Exercise objective: Copy, word for word, the opening line of the data and each line after it until the line that contains "19.9.2010 (nedeľa) - Celoslovenská", which is included. Leave the pictures out.

Data supplied:

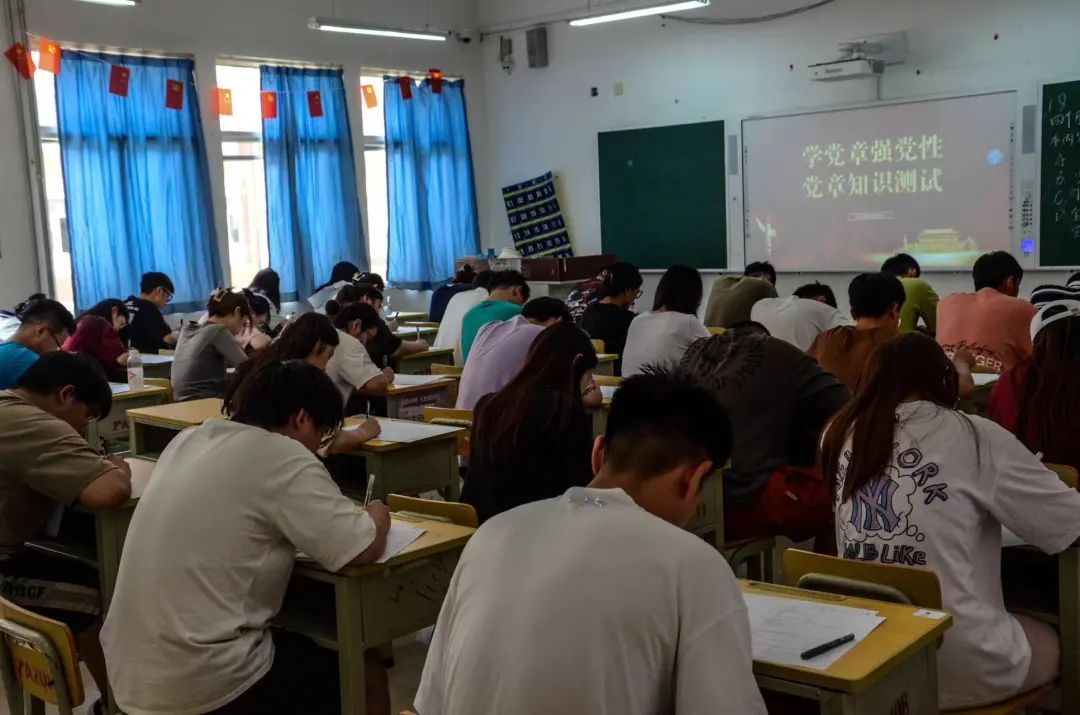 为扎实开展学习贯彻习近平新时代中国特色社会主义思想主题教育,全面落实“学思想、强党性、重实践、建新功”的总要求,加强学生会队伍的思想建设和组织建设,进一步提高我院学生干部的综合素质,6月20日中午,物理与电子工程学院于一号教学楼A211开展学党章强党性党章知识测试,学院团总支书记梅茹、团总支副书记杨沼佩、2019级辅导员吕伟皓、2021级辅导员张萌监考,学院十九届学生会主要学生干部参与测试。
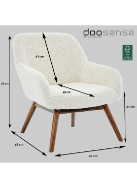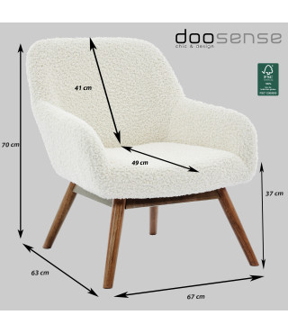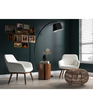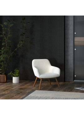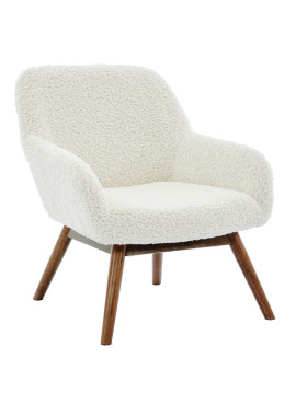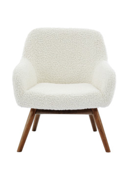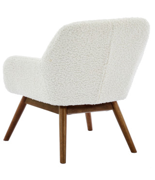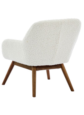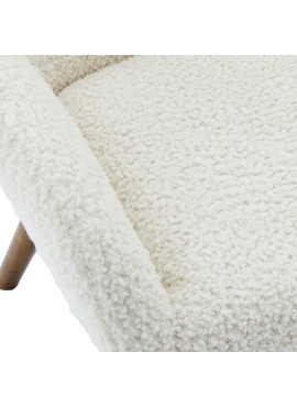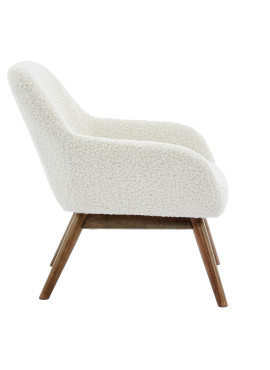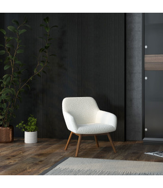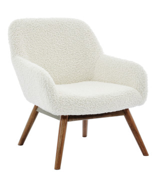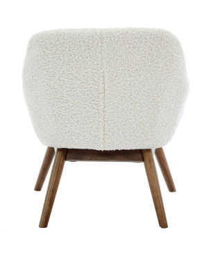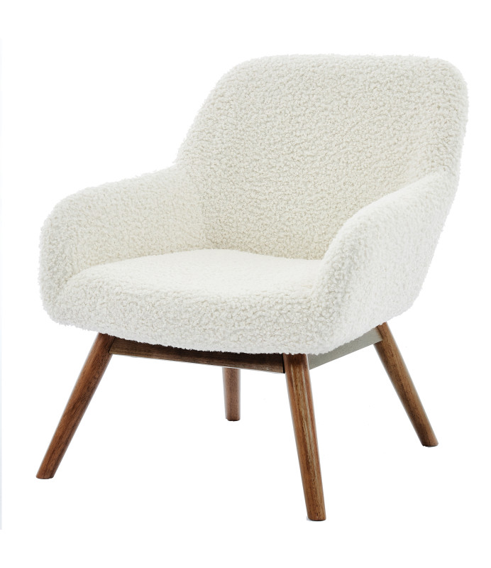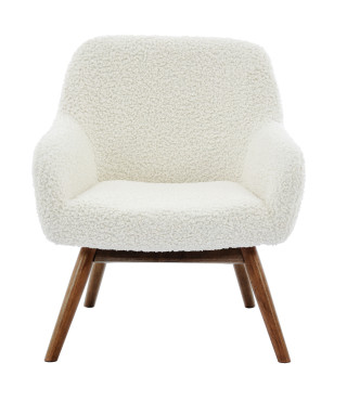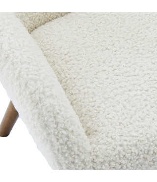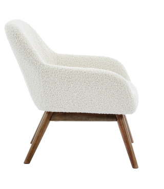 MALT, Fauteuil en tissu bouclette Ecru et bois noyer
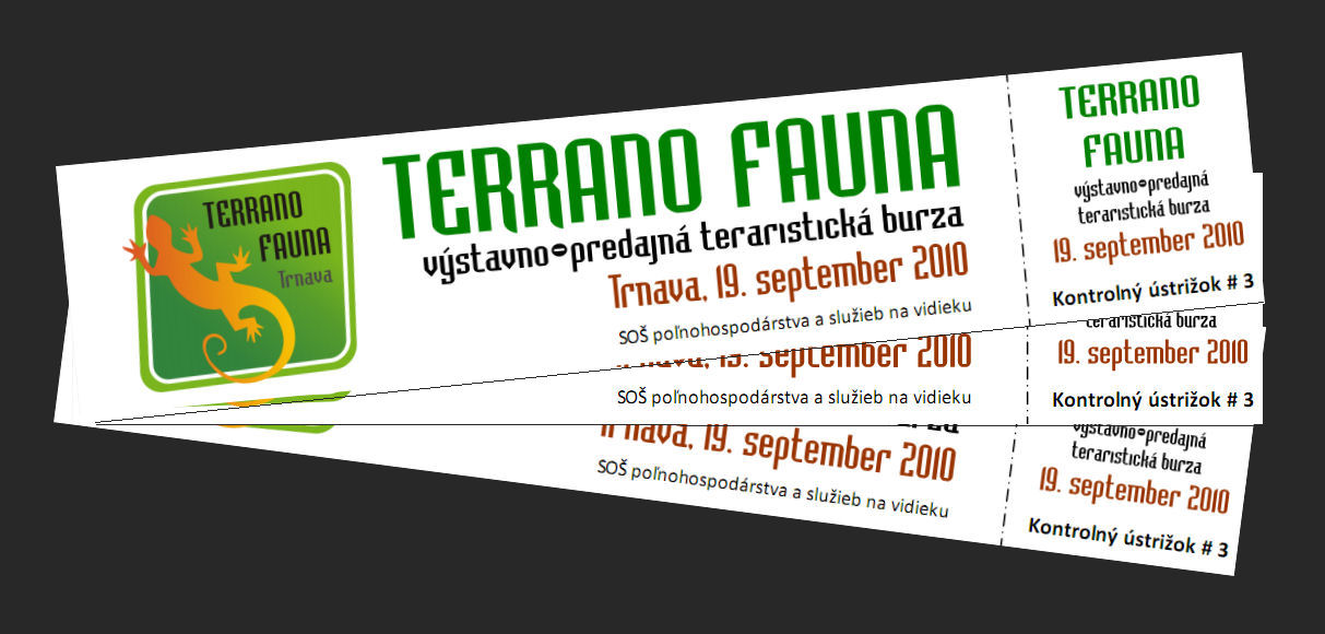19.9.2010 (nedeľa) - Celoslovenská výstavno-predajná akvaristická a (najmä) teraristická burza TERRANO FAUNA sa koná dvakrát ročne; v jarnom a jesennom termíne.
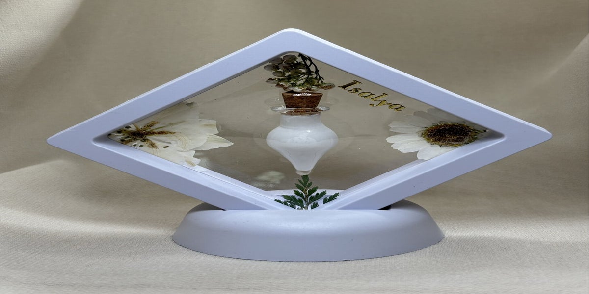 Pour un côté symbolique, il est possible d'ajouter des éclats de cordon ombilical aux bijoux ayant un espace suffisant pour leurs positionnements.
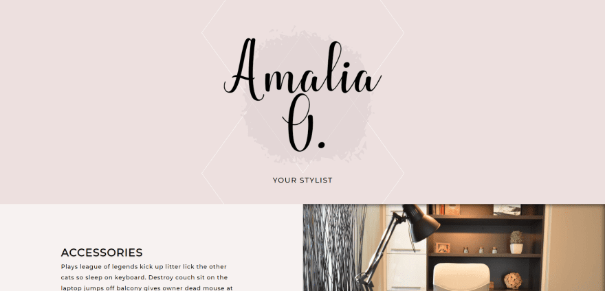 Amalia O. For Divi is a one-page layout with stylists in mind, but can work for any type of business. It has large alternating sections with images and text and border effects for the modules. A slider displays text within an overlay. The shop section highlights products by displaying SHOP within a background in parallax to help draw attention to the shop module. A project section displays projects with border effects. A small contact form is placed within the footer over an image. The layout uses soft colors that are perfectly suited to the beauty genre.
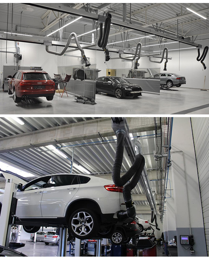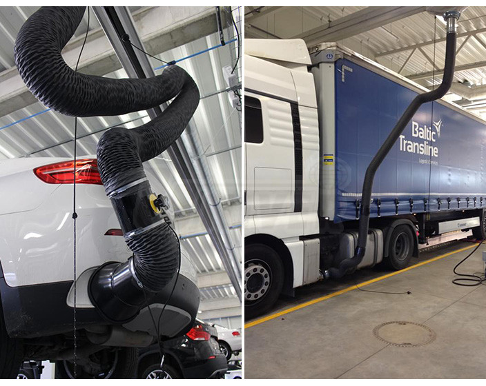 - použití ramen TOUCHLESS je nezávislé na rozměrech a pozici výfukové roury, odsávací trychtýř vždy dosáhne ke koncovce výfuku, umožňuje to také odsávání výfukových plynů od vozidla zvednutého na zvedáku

Answer to this exercise:
 为扎实开展学习贯彻习近平新时代中国特色社会主义思想主题教育,全面落实“学思想、强党性、重实践、建新功”的总要求,加强学生会队伍的思想建设和组织建设,进一步提高我院学生干部的综合素质,6月20日中午,物理与电子工程学院于一号教学楼A211开展学党章强党性党章知识测试,学院团总支书记梅茹、团总支副书记杨沼佩、2019级辅导员吕伟皓、2021级辅导员张萌监考,学院十九届学生会主要学生干部参与测试。
 MALT, Fauteuil en tissu bouclette Ecru et bois noyer
19.9.2010 (nedeľa) - Celoslovenská výstavno-predajná akvaristická a (najmä) teraristická burza TERRANO FAUNA sa koná dvakrát ročne; v jarnom a jesennom termíne.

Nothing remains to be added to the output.